DRM: it's like those zombie movies

No matter how many times the content owners wish it worked, DRM has a fundamental technical flaw: you have to give the key to the person you're trying to lock out! Microsoft gets this, even if the RIAA doesn't.

You know those movies where you think they've killed the last zombie and then the hero turns a corner and here comes a whole new crop of them sprung fresh from the graveyard? That's how it feels with DRM in the last couple of days. First, the New York Times' Bits blog leads with a questionable assertion from an NBC exec that Microsoft is considering building some sort of content-filtering into the Zune which would block transfer of non-approved video. (I know, this isn't quite the same as DRM, but bear with me.) Then RIAA exec David Hughes claims that new forms of music distribution will create a comeback for good ol' DRM.
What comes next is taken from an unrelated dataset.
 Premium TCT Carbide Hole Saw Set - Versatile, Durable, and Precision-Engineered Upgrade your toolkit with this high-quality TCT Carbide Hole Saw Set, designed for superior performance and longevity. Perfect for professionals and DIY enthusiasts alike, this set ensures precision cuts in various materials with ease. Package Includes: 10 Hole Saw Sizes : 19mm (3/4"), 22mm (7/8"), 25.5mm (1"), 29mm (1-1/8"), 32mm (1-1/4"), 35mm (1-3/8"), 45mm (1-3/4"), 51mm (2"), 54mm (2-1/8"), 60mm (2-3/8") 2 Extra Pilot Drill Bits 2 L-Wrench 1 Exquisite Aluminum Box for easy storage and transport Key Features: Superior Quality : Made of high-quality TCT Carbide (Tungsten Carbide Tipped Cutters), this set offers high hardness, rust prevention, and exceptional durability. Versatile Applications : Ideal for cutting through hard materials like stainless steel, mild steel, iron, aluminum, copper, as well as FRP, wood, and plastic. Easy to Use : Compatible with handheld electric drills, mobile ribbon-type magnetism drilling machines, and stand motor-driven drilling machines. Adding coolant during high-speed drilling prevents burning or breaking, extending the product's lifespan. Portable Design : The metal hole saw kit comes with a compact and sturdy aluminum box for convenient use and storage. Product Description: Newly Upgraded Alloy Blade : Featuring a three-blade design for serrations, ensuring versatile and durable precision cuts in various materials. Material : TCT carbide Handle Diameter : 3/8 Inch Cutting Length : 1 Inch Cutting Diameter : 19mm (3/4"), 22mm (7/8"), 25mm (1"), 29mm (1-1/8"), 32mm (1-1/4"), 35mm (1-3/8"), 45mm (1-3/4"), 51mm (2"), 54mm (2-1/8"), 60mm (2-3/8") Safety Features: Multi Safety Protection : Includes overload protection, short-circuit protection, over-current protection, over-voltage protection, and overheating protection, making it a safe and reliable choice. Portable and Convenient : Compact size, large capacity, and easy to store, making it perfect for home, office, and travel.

Want...technical...solution...to...piracy...NOW! Joel Friesen via Wikimedia Commons

Let's start with Hughes first. He says he made a list of 22 ways to sell music, and that 20 of them required DRM. OK, but are those 20 plans wishful thinking or actual business models with demonstrated success or at least a fighting chance? I mean, I could sell my last band's CD at $100 a pop and quickly cover my recording costs, but nobody would buy it. Subscription services haven't taken the world by storm, and I can't imagine consumers buying lots of play-per-view songs or ad-supported songs either. Why not?
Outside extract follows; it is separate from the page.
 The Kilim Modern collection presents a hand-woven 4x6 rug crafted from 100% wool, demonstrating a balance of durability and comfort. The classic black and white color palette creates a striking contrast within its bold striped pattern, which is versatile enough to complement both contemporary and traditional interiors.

Let's go over it one more time.

1. Horse, meet barn door. Free unrestricted downloads are already broadly and easily available. Any time you ask a consumer to buy something, you have to give them more than what they can already get for free--more convenience, more quality, something. iTunes is more convenient than file-sharing networks for what people generally want--to get a particular song or album to play on their iPod. The software comes with the player, the store's built into the player. Boom. That's why iTunes succeeded where other download stores...not so much. Subscription services are convenient only for that subset of music fans who like to listen to lots of different songs a few times, but don't care about long-term ownership (or don't mind paying in perpetuity). Pay-per-play? Advertisements? Those sound even less convenient--enough less-convenient for users to skip them or, if they really want the song, taking the trouble of learning how to use LimeWire.

2. The thieves have the key. Good old-fashioned DRM has a fundamental technical flaw. With computer security systems, data's encrypted with some sort of key. Unless you have the key, you can't access the data. This is all well and good when you're trying to protect the data against a "man in the middle" to whom you'll never give the key. But DRM tries to protect the data against the very people who need to access it. You have to give end-users the key to decrypt the data--the song or movie or TV show--that they have paid for, otherwise you have no business. And if you have to give them that key, somebody's going to figure out how to duplicate it. The race gets more complicated with hardware-based encryption and revocable keys, but the fundamental problem is the same: security by obscurity can't work forever.

The EFF's Cory Doctorow spoke to Microsoft Research about this four years ago (a transcript is here). That gets me to my second point. Microsoft is well aware of this fundamental security problem thanks to its years of trying to combat software piracy. While the company continues to add technical hurdles against piracy, like product activation, it knows that these are just stumbling blocks. The real progress comes when you convince the national government of a country where piracy is rampant that cracking down on it is in their interest--usually because they've got a fledgling software industry they're trying to support. In talks with analysts, Microsoft has mentioned South Korea and Taiwan as countries where this precise chain of events happened, and I think its investments in China are partly geared toward the same end.

So before building a "copy cop" into the Zune, Microsoft would have to consider the following factors. First, how many potential buyers would they lose? (In this case, many.) Second, is the content they're getting worth alienating that number of users? (In this case, I don't think so.) Finally, what's the ongoing cost of patching the technology whenever the scheme is broken? (Higher than you might think--ask the team that used to work on Windows Media DRM.)

That's why, when Microsoft says it's not planning to build new anti-piracy technology into the Zune, I believe it. More generally, Microsoft's whole digital media business has been moving away from this kind of content protection at a pretty rapid pace--there's not even a Windows Media product group any more, much less a DRM team in that product group, and the Zune Marketplace is adding DRM-less MP3s as fast as the content owners are making them available. Sure, Zune has to offer DRM on a subscription service, and Microsoft doesn't seem to be ready to give up on suscriptions because it's white space where the iPod isn't playing. But overall, I think Microsoft is much more sober and rational about content copy-protection than it was about even two or three years ago. (Here's hoping they prove me right.)

And before the angry commenters on my last DRM post get into it again, let me state really clearly that I believe musicians and all their designated agents--managers, producers, manufacturers, distributors, band psychiatrists--have a right to make a living. But DRM's the wrong way to go about it, for the reasons I listed before--it asks consumers to pay more for less, and it doesn't work.